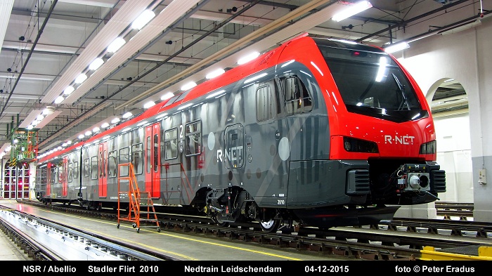 Op donderdag 3 december 2015 kwam in de avonduren de eerste R-Net Flirt aan te Nedtrain Leidschendam. Het treinstel is bestemd voor de Abellio treindienst op de lijn Gouda <> Alphen ad Rijn. Het treinstel wordt de komende periode onderworpen aan de toelatingstesten.
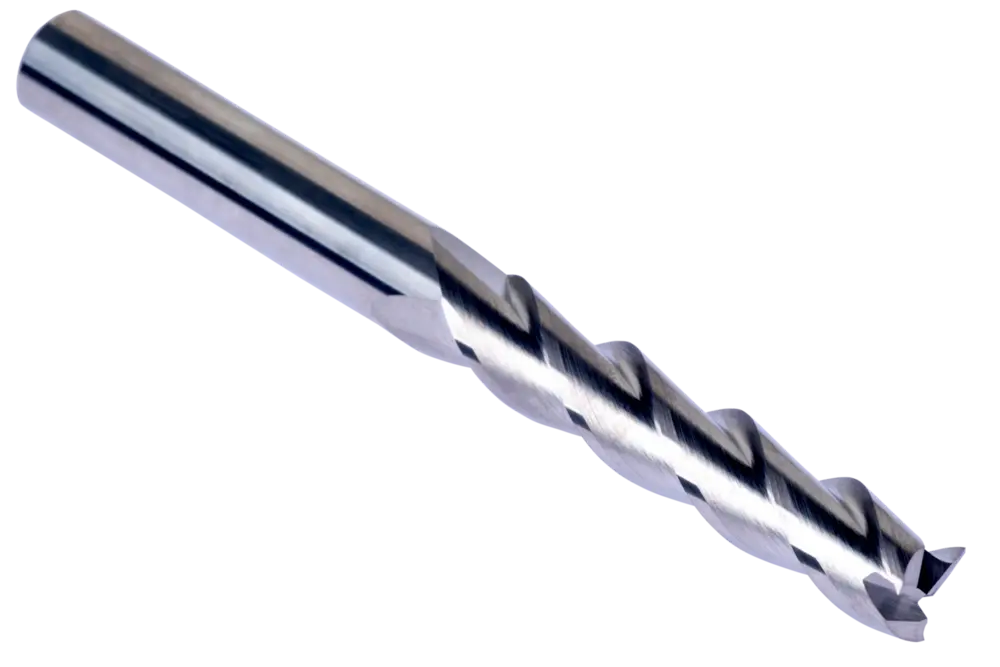 Концевая фреза сверхдлинной серии с 3 канавками, диаметром 16 мм, длиной режущей части 57 мм и общей длиной 125 мм, в соответствии со стандартом Dormer Pramet, с цилиндрическим хвостовиком 16 мм, цельная твердосплавная с блестящей отделкой, углом наклона спирали 40° и передним углом 13° для фрезерования уступов в цветных металлах.
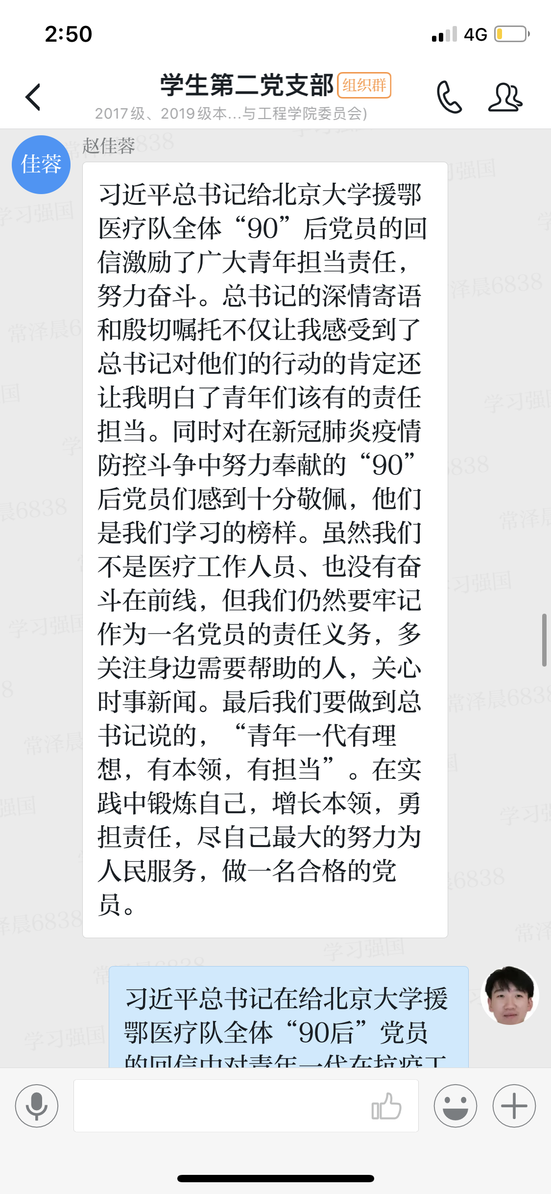 组织全体学工干部、全体学生开展“习近平总书记给北京大学援鄂医疗队全体90后党员回信”在线学习活动。师生们通过线下自学、线上集中学习,以线上主题团日活动、线上支部会、QQ群讨论、QQ群课堂主题班会导等形式完成学习,同学们结合自身实际谈了心得体会,一致认为习近平总书记的深情寄语和殷切嘱托,令人鼓舞,催人奋进,纷纷表示要为党和人民的事业作出新时代青年应有的贡献。
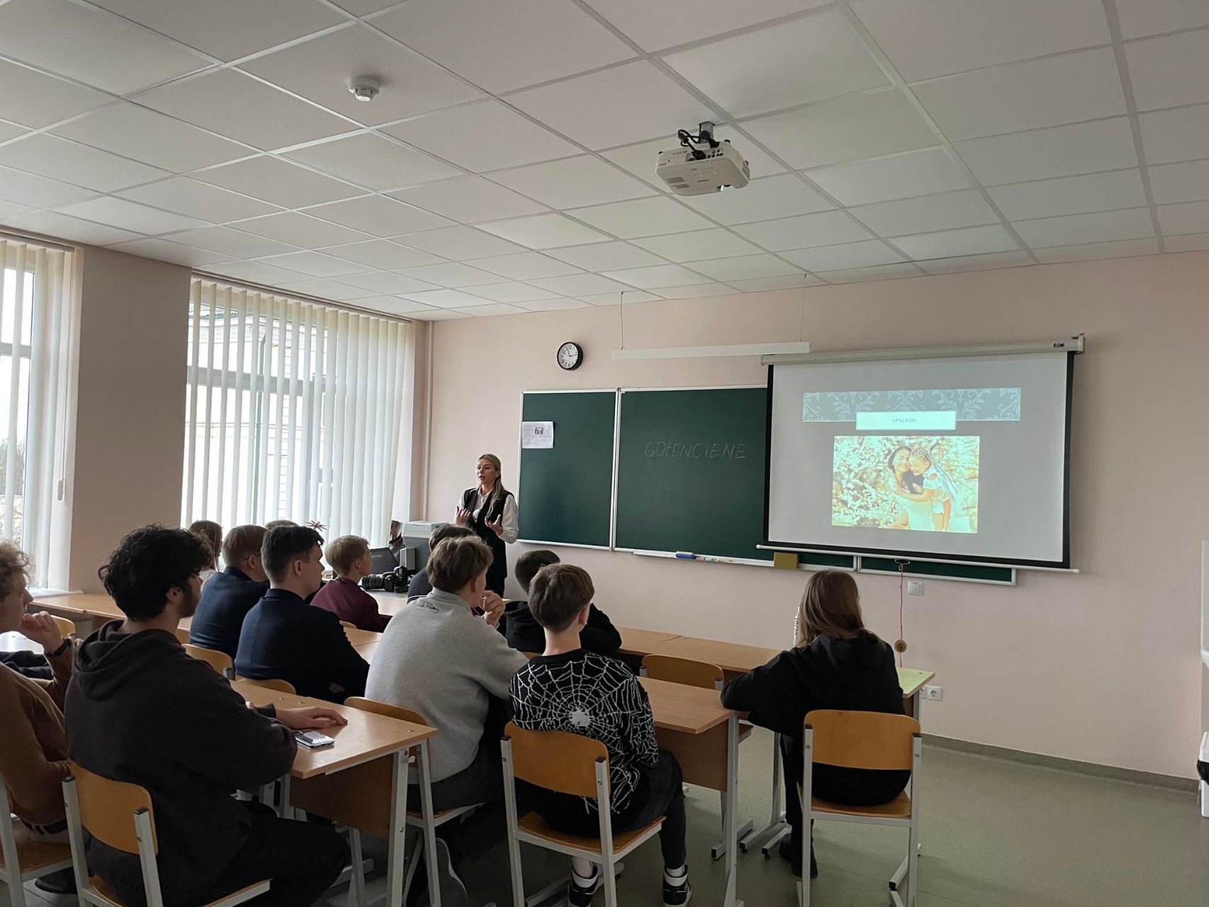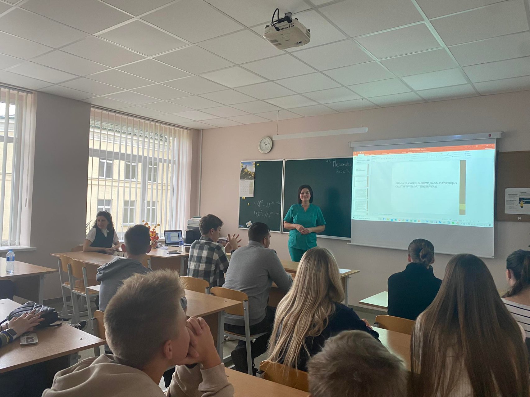 UAB „Eurovaistinė“ vaistininkė-farmacininkė KAROLINA GIRDZIJAUSKIENĖ pasakojo apie savo darbo pobūdį. Gimnazistams patiko pateikiamos medžiagos informatyvumas ir mokėjimas sudominti. Mokiniai sužinojo daug naudingų dalykų apie studijas, suprato, ką reiškia teiginys, kad mokslo šaknys karčios, o vaisiai saldūs.
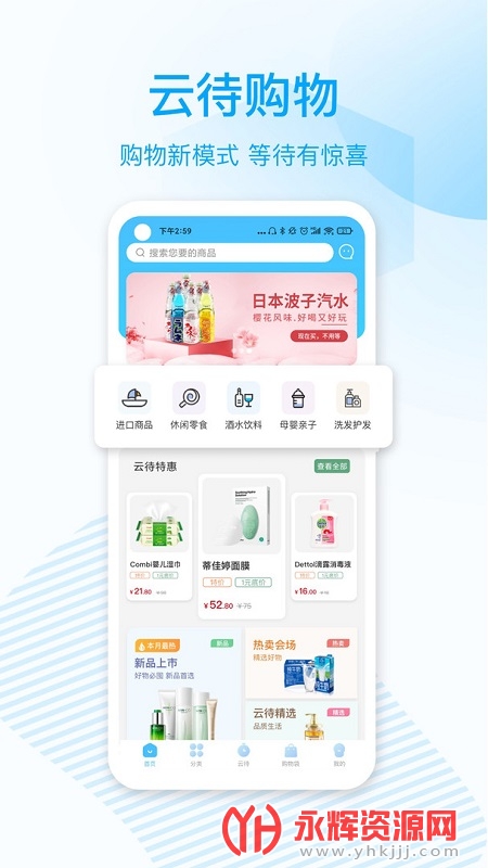 云待商城app是一款十分好用的掌上购物平台,软件中的商品种类十分齐全并且质量也有所保障的,你可以在这里放心进行购物。还在等什么呢?快来永辉资源网下载吧!
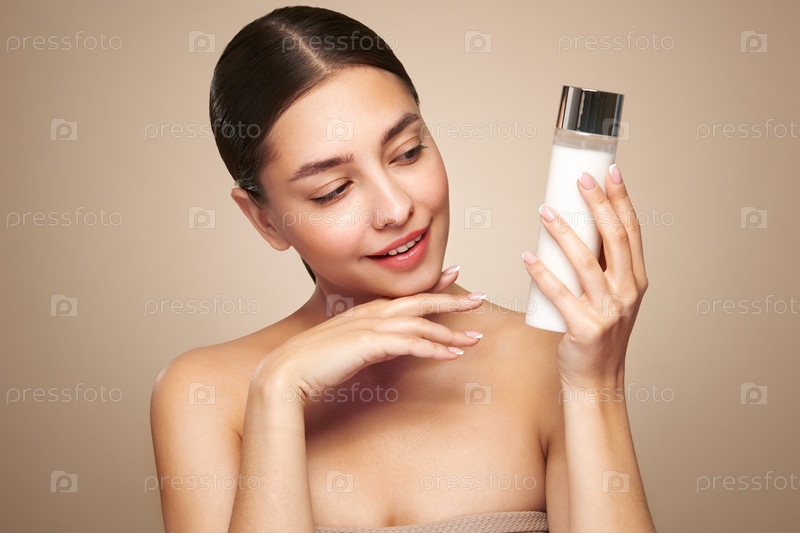 Улыбающаяся женщина держит бутылку с косметическим молоком
-- -- --
Write out all the records again, exactly, minus any pictures.

 Op donderdag 3 december 2015 kwam in de avonduren de eerste R-Net Flirt aan te Nedtrain Leidschendam. Het treinstel is bestemd voor de Abellio treindienst op de lijn Gouda <> Alphen ad Rijn. Het treinstel wordt de komende periode onderworpen aan de toelatingstesten.
 Концевая фреза сверхдлинной серии с 3 канавками, диаметром 16 мм, длиной режущей части 57 мм и общей длиной 125 мм, в соответствии со стандартом Dormer Pramet, с цилиндрическим хвостовиком 16 мм, цельная твердосплавная с блестящей отделкой, углом наклона спирали 40° и передним углом 13° для фрезерования уступов в цветных металлах.
 组织全体学工干部、全体学生开展“习近平总书记给北京大学援鄂医疗队全体90后党员回信”在线学习活动。师生们通过线下自学、线上集中学习,以线上主题团日活动、线上支部会、QQ群讨论、QQ群课堂主题班会导等形式完成学习,同学们结合自身实际谈了心得体会,一致认为习近平总书记的深情寄语和殷切嘱托,令人鼓舞,催人奋进,纷纷表示要为党和人民的事业作出新时代青年应有的贡献。
 UAB „Eurovaistinė“ vaistininkė-farmacininkė KAROLINA GIRDZIJAUSKIENĖ pasakojo apie savo darbo pobūdį. Gimnazistams patiko pateikiamos medžiagos informatyvumas ir mokėjimas sudominti. Mokiniai sužinojo daug naudingų dalykų apie studijas, suprato, ką reiškia teiginys, kad mokslo šaknys karčios, o vaisiai saldūs.
 云待商城app是一款十分好用的掌上购物平台,软件中的商品种类十分齐全并且质量也有所保障的,你可以在这里放心进行购物。还在等什么呢?快来永辉资源网下载吧!
 Улыбающаяся женщина держит бутылку с косметическим молоком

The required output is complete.